Financial conditions are finally starting to ease after months of sluggish activity, which has forced companies across the sector to cut jobs.
US inflation fell to 3 percent and jobs growth slowed more than expected in June, a sign that the labor market is starting to cool off from the Federal Reserve’s aggressive interest rate hikes. The benchmark S&P 500 index is up 13.6 percent this year.
Gray’s comments come as Blackstone’s assets under management exceeded $1 trillion for the first time in its second-quarter earnings results released on Thursday.
The group also earned $1.2 billion in distributable earnings, a proxy analysts prefer as a gauge for a firm’s cash flow, slightly better than consensus expectations.
However, it was down about 40 percent from the same period last year as Blackstone sold less of its investments for a profit amid volatile financial conditions.
When Gray was asked about the significance of Blackstone surpassing $1 trillion in assets, he called it “an important milestone” and “a marker” on investor pressure in the private markets.
“We believe the options are likely far greater than most people imagine,” he added.
Founded in 1985 with just $400,000 in capital by chief executive Stephen Schwarzman and investment banker Peter Peterson, Blackstone has transformed in recent decades from a small deal-making organization with a handful of partners into a mainstream financial institution.
Since listing on the New York Stock Exchange 15 years ago, Blackstone’s assets under management have grown more than tenfold and have a market capitalization of more than $130 billion, larger than investment bank Goldman Sachs.
Its roughly 5,000 employees manage a portfolio of hundreds of companies that generated a combined $200 billion in annual revenue last year, according to Morgan Stanley estimates.
Under Schwarzman’s supervision, Blackstone was the first major buyout group to diversify into investment areas such as real estate, which is now its largest business, and managed hedge funds and credit-oriented investments.

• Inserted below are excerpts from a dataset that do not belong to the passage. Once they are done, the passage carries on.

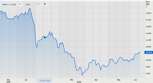 Kể từ đầu tháng 4/2020 tới trung tuần tháng 6/2020, giá cao su trên sàn Thượng Hải (Trung Quốc) tăng 12%, hiện đạt khoảng 10.300 CNY/tấn. Giá cao su hàng thực ở Châu Á và giá trên sàn Tokyo (Nhật Bản) cũng đang trong xu hướng tích cực.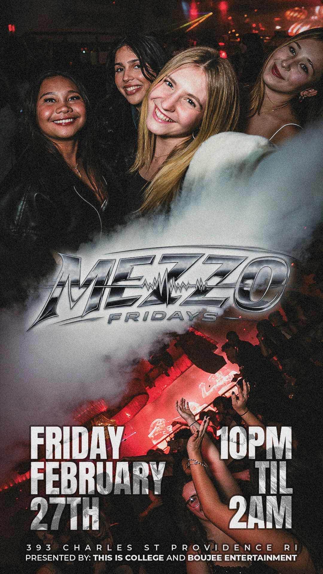 393 Charles St, Providence, RI 02904, USAMEZZO FRIDAYS 18+ Friday night at Mezzo. Music loud, room packed, no extras. Hosted by This Is College and Boujee Entertainment. 📍 393 Charles St, Providence, RI 📅 Friday, February 27 ⏰ 10PM–2AM 🔞 18+ | ID required NO REFUNDS ALL SALES FINAL NO EXCEPTIONS If you’re out Friday, this is where you go.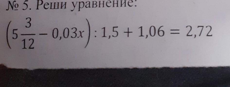 (5 1/4 - 0,03x) : 1,5 = 2,72 - 1,06

In recent years, it has attracted hundreds of billions of dollars in additional wealth after creating new real estate and debt vehicles designed for wealthy individuals and other investors. Blackstone has also begun managing the loan portfolios of large insurance companies including AIG and Allstate.
Blackstone’s target market has expanded beyond large investors such as sovereign wealth funds, pensions and endowments to the hundreds of thousands of individual investors and a growing number of financial institutions seeking exposure to unlisted investments.
Gray is excited about the company’s continued progress.
“I don’t necessarily agree with the fact that as you reach a certain size, your growth spurts,” he said.